Martin took me to the most elegant restaurant in town, Fratelli and Sons. I was shocked when they gave us a table without a reservation. I guess the Hammonton name still held a little clout. Once the waiter took our orders, Martin wasted no time getting into my business.
“So what's your real name?”
I almost choked on my cognac. “What do you mean by that?”
“You know good and damn well your name isn't Lourdes. Sounds like something you made up, probably in law school.”
He grinned at me and I wanted to puke. Not because he wasn't attractive, because he was. Six-foot-two with caramel, smooth-as-a-baby's-ass skin, long curly eyelashes, and a cinematic
smile. I wanted to puke because he read my ass like a book. Until I started Harvard Law, my name was Shanika Brown. I didn't think the name sounded professional so I legally changed it.

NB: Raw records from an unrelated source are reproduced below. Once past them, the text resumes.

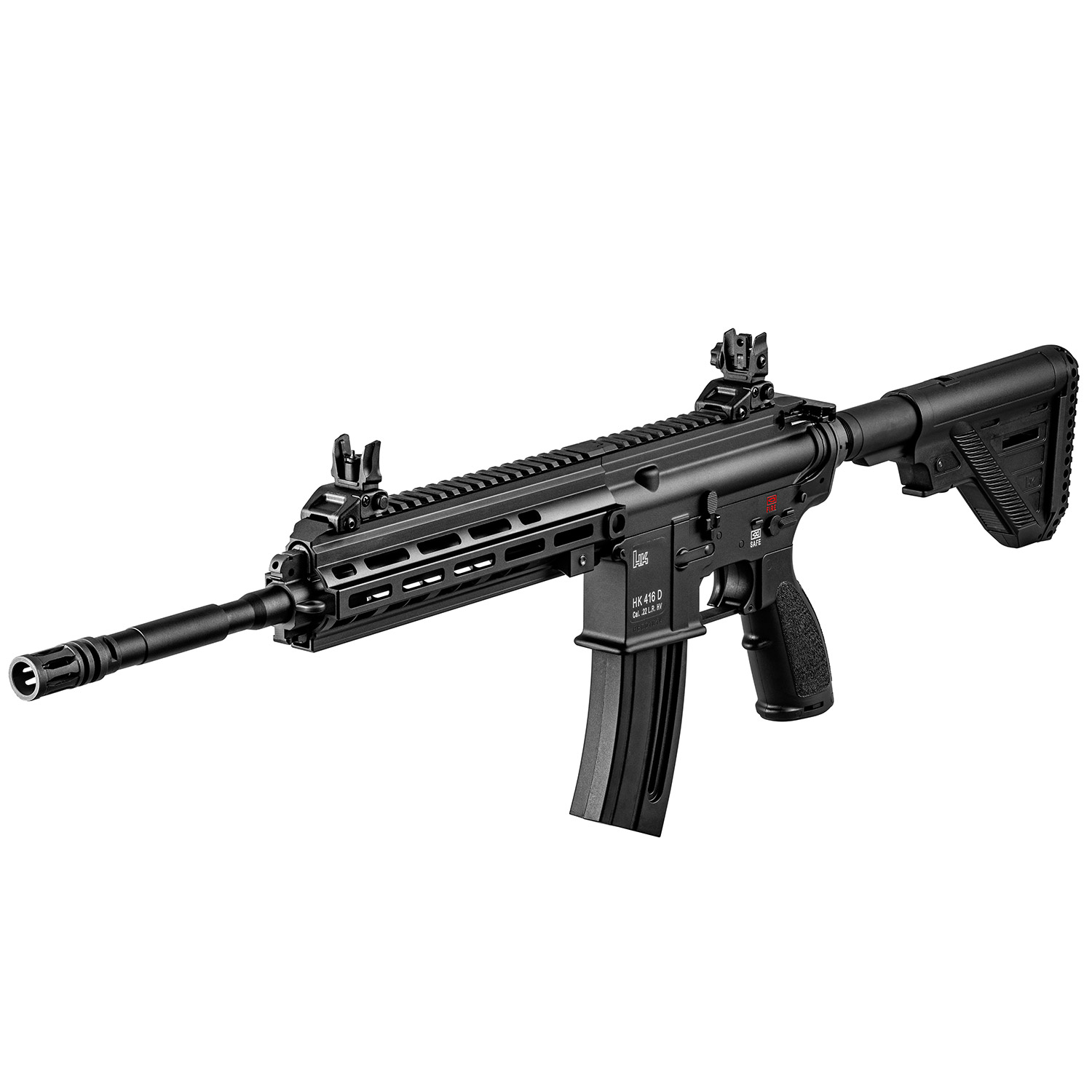 Description: Heckler & Koch HK416 .22 LR Rifle, 20 Round Magazine. Resembling its larger caliber brother, this .22 LR chambered HK 416 rifle version is the only official rimfire variant of the HK416 firearm. This lighter, smaller caliber, rifle features a genuine HK blowback operating system and not only looks and feels like the larger caliber version; albeit just under 6 pounds. Shipping with a 20 round magazine, the HK416 rimfire also features flip-up adjustable sights installed, an adjustable stock, 1/2" x 28 TPI barrel threads, A2 style flash hider and a 9" handguard with an M-LOK and Mil-Spec 1913 rail accessory system. The HK416 is the ultimate platform for a fun day of plinking or as a training rifle that offers similar functions and operations as larger caliber variants. Expand your arsenal with the proven quality of an HK firearm.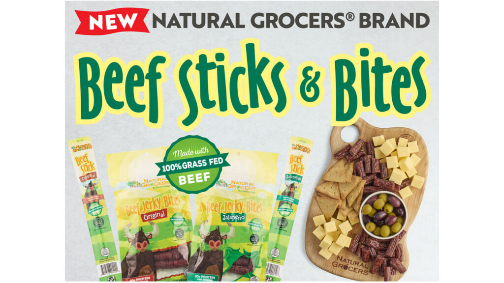 The latest offerings include two new grass-fed beef sticks and two new pouches of grass-fed beef bites, available in original and jalapeño flavors. Like all Natural Grocers Brand products, the sticks and bites meet the company’s rigorous standards under Natural Grocers’ “Commitment to Quality,” one of its Five Founding Principles upheld for more than 70 years.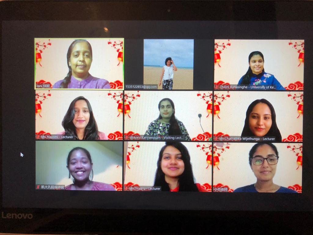 本次活动,因受疫情影响,只能通过线上举行,但参与人数仍高达240余人,主要邀请凯拉尼亚大学(以下简称“凯大”)非汉语专业汉语选修课的学生及汉语专业学生参加。出席会议嘉宾众多。他们是凯拉尼亚大学人文学院Sudath Senarath院长,现代语言系系主任Dilrukshi Rathnayake博士,以及现代语言系中文专业的全体老师和孔院的全体老师们。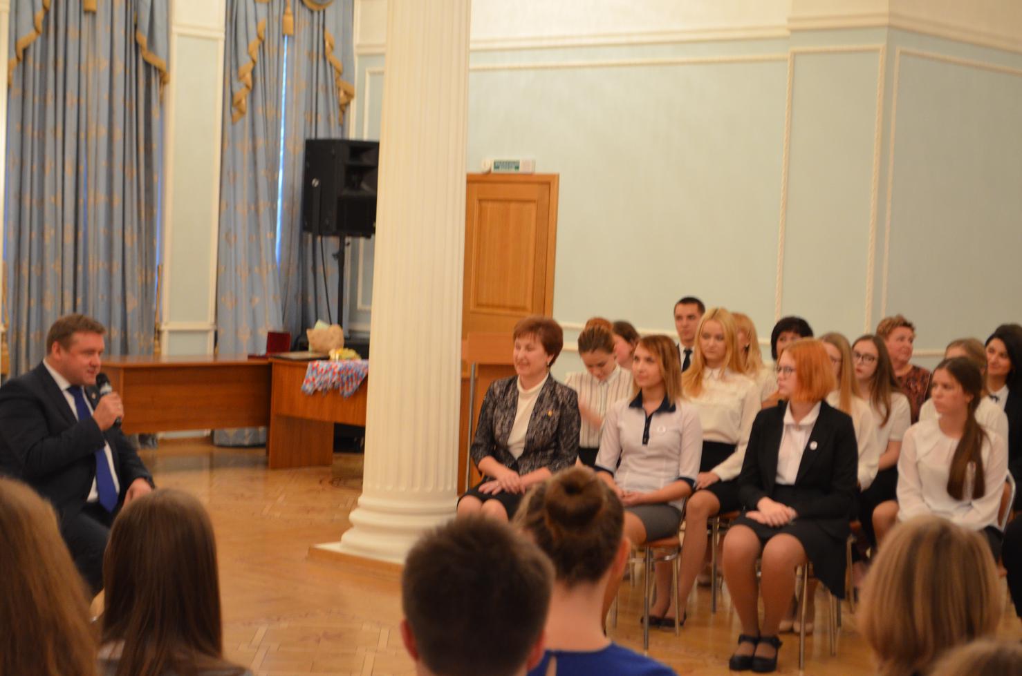 Глава региона поприветствовал ребят и сказал, что Российское движение школьников предоставляет им возможности для саморазвития, реализации себя, дает подросткам уверенность в собственных силах, помогает определиться с будущей профессией. В ходе встречи Николай Любимов ответил на вопросы активистов РДШ. А затем ребятам в торжественной обстановке была вручена символика движения. Галстуки расцветки «триколор» 50-ти ребятам вместе с Николаем Любимовым повязали министр образования и молодежной политики региона Ольга Щетинкина, председатель областного отделения РДШ Сергей Хлыстов и региональный координатор движения Татьяна Косачева.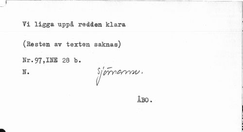 //// Ti ligga mppå redden klara //// (Resten av texten saknas) Nr.97,INE 28 b. //// h. Jjim^t/yrW' //// ÅBO. //// ' Il ////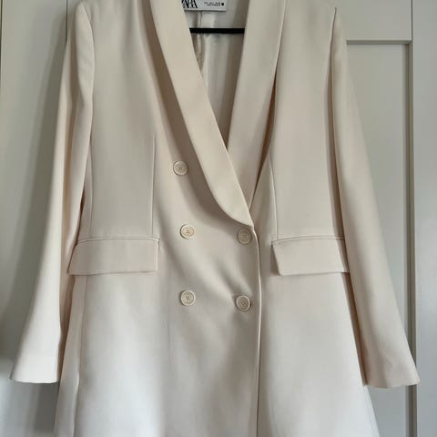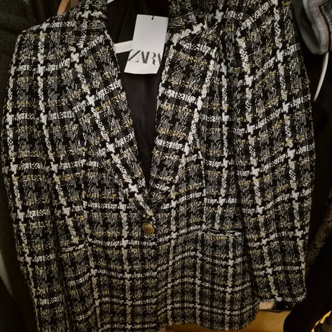 Unikt blazer i vevd grønn tekstur med bred krage og fire gullknapper i front. Dobbelspent design og tykkere stoff gjør den perfekt for kjølige dager – et statement-plagg med både varme og stil.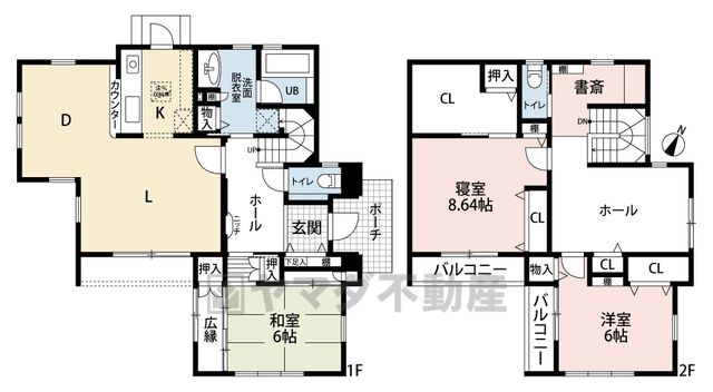 LDK0畳(1F)、和6畳(1F)、洋8.6畳(2F)、洋6畳(2F) |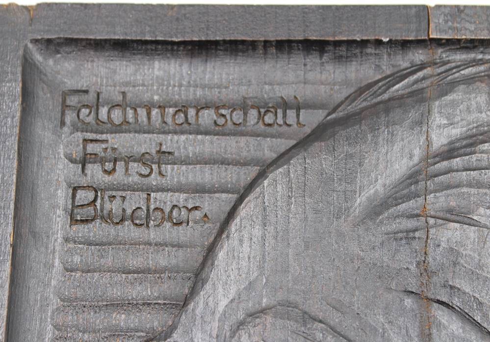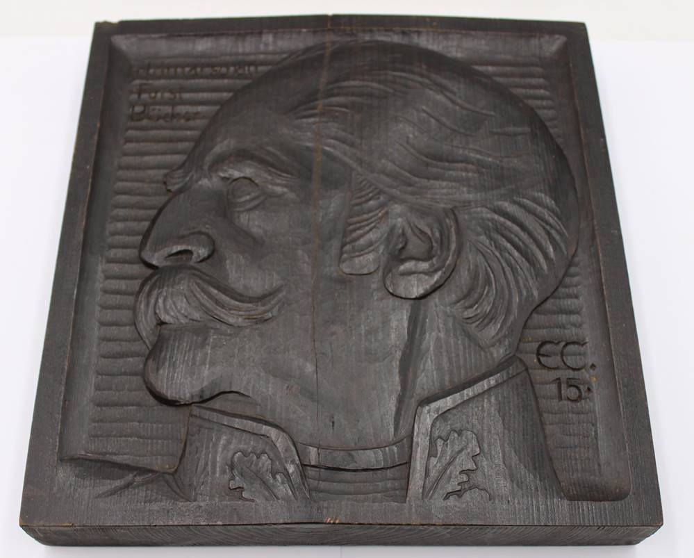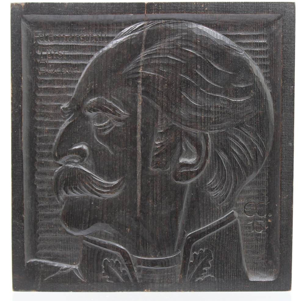 E.C.1915 Holzplatte mit Portrait "von Blücher", altrissig, , 26x25,5 cm, T-ca. 3,8 cm [1]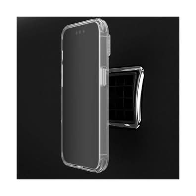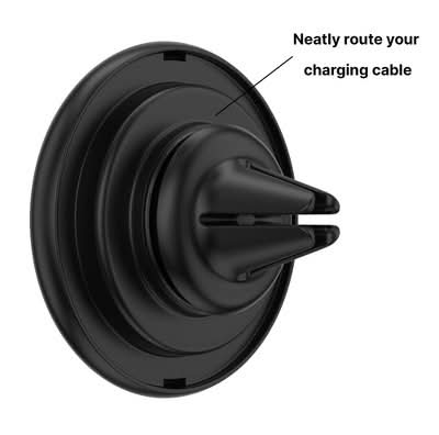 Keep your focus where it belongs (on the road ahead) with a car mount that connects seamlessly to MagSafe compatible cases - Easily attach / detach to iPhone 12, 13, & 14’s magnets. Securely clips onto vertical, horizontal, and angled air vents. Attachment prongs can be rotated to hold onto thick or thin air vents. Color: Black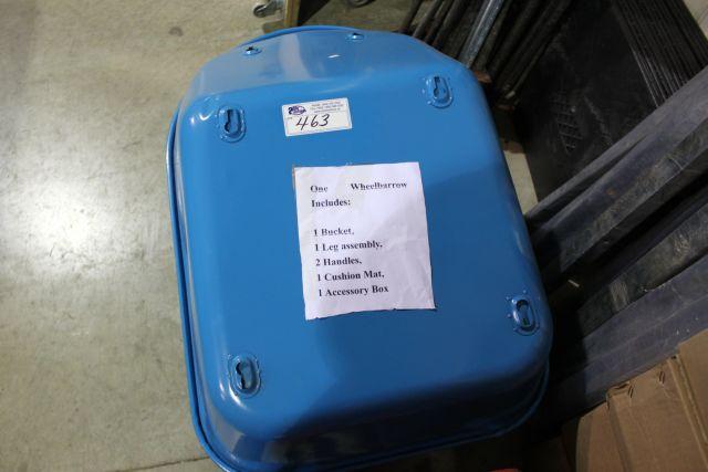 DISASSEMBLED NEW WHEELBARROW INCLUDES: 1 BUCKET - 1 LEG ASSEMBLY - 2 HANDLES - 1 CUSHION MAT - 1 ACCESSORY BOX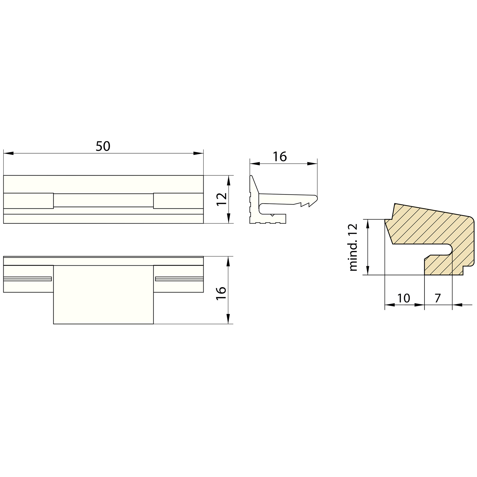 The clip base is fastened to the window frame by nail or screw, then the glazing bead simply presses onto the clip and locks into place. To remove the bead for glass replacement or service, lever it off the clip — the bead, glass, and frame remain undamaged. The H16 is the standard mid-size option of three FIXclip sizes (H12, H16, H20), with a 16 mm clip height for typical glazing bead profiles.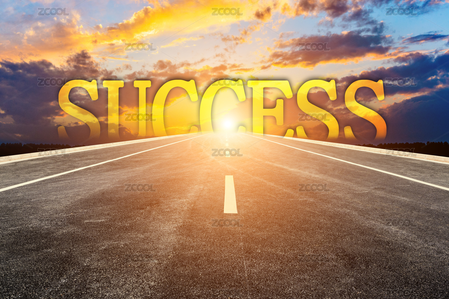 把“成功”寫(xiě)在筆直向前空曠無(wú)人的瀝青道路上。關(guān)于成功概念創(chuàng)意圖。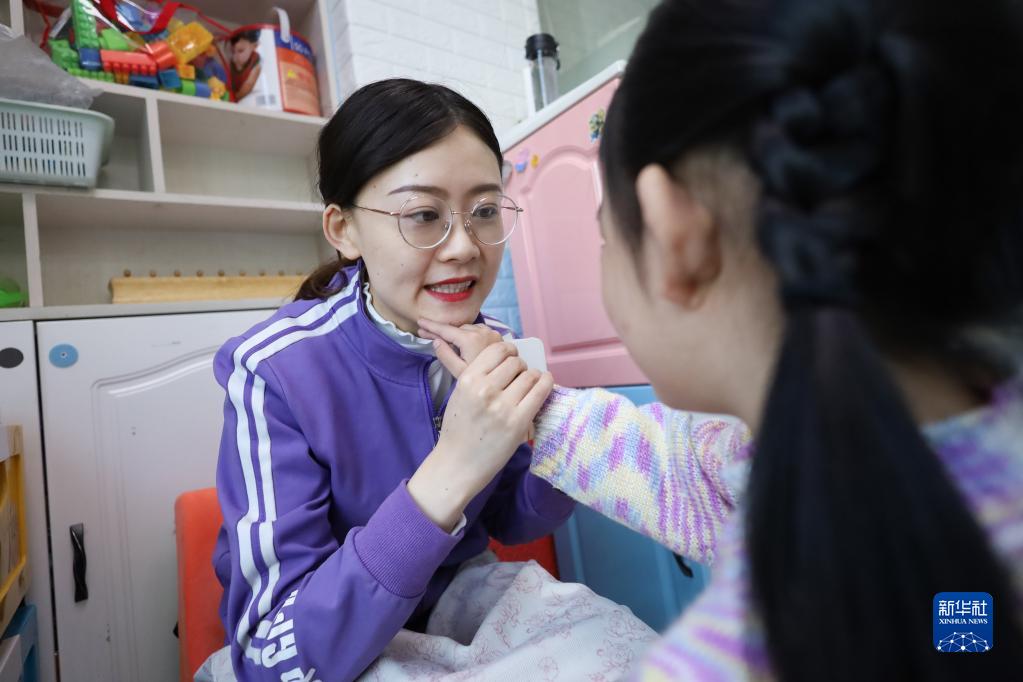 3月30日,特教老師陳進(jìn)為孤獨癥兒童指導發(fā)音訓練。

I tried to change the subject. “You're so damn arrogant.”
“And you're so damn pretty.”
I almost choked again. He was up to something and I didn't like it. The next sentence out of his mouth proved me right.
“Let's play a game, Lourdes.”
I chuckled. “What type of game?”
“I intimidate you, don't I?” he asked confidently.
“Intimidate?” I adjusted the napkin in my lap and took another sip of my cognac. “Nothing and nobody ever intimidates me. I know I'm the shit, I've always been the shit, and I'm always going to be the shit.”
He threw his head back in laughter. “Your conceit is somewhat attractive.”